LA NEWSLETTER DU CONSEILLER EN GÉNÉTIQUE

Numéro 1

 

1-ÉDITO

 

Indispensables conseillers en génétique

 

Il n’est pas si fréquent qu’un nouveau métier apparaisse dans le domaine de la médecine pour laisser l’événement sans exprimer sa satisfaction et souligner tous les éléments favorables qui devraient lui assurer une pleine réussite au fil du temps.

Bien que la spécialité de Génétique médicale soit récente (1995), le développement des besoins a très vite saturé les consultations et compromis la qualité des échanges avec les couples et les familles. Singulièrement dans le cadre du diagnostic prénatal où les demandes se font de plus en plus nombreuses, où les techniques évoluent, où les enjeux comme les décisions doivent être patiemment expliquées.
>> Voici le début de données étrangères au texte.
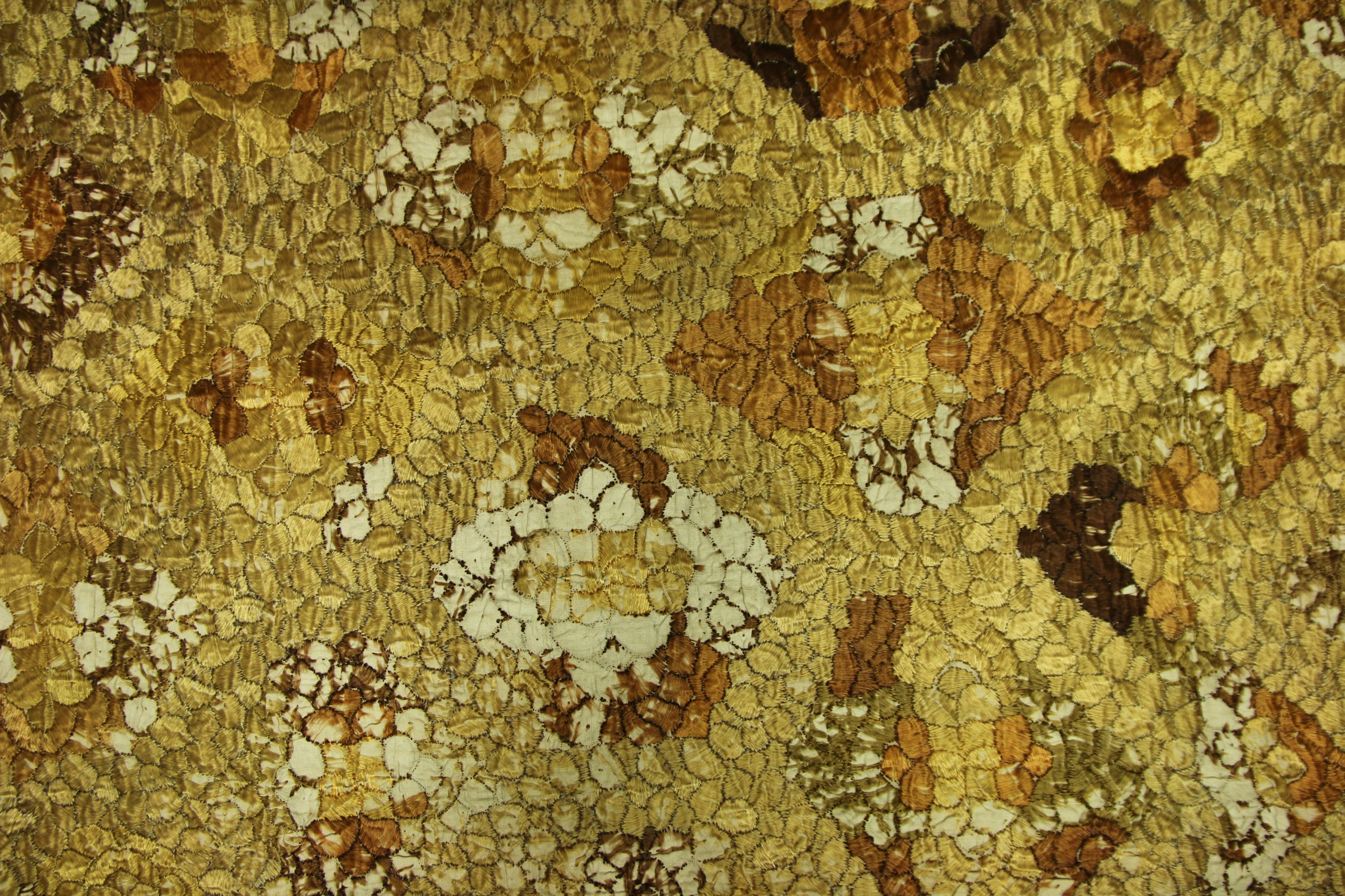 Dessus de coffre, Rabat, Maroc, coton brodé en camaïeu de soie floche jaune tabac, fleurs dans un réseau losangé (importantes usures à la soie de la broderie).

Le danger, dans une pratique médicale « routinière » serait d’oublier qu’il s’agit d’un moment « unique » pour chaque couple et que son vécu est déterminant pour l’avenir.

C’est en cela que le rôle du conseiller en génétique s’est avéré indispensable, car il lui revient d’assumer pleinement, avec une attention renouvelée pour chacun, le passage de la science à l’humain, de la technique élaborée au vécuquotidien.

C’est bien là ce qu’on attend de lui : savoir, disponibilité, patience et pédagogie. Il lui revient, aussi, de déceler les cas plus difficiles pour les soumettre au médecin généticien dont il est le collaborateur attentif au sein d’équipes où chacun apporte sa propre compétence. Puis, il doit assumer, si besoin, cette mission cruciale : faire en sorte que les personnes, couples et famille ne perdent jamais pied face à l’adversité génétique. C’est bien ainsi que je conçois l’activité des conseillers en génétique, d’abord et avant tout profondément humaine.

 

Professeur Jean-François Mattei

 

 

2-Késako « conseiller en génétique » par Nelly PASZ

Devenir titulaire du diplôme d’État français de conseiller en génétique est désormais possible. Le 3 octobre 2007 est paru le décret n°2007-1429 relatif à la profession de conseiller en génétique et modifiant le code de la santé publique. Longuement attendu, il officialise la profession de conseiller en génétique.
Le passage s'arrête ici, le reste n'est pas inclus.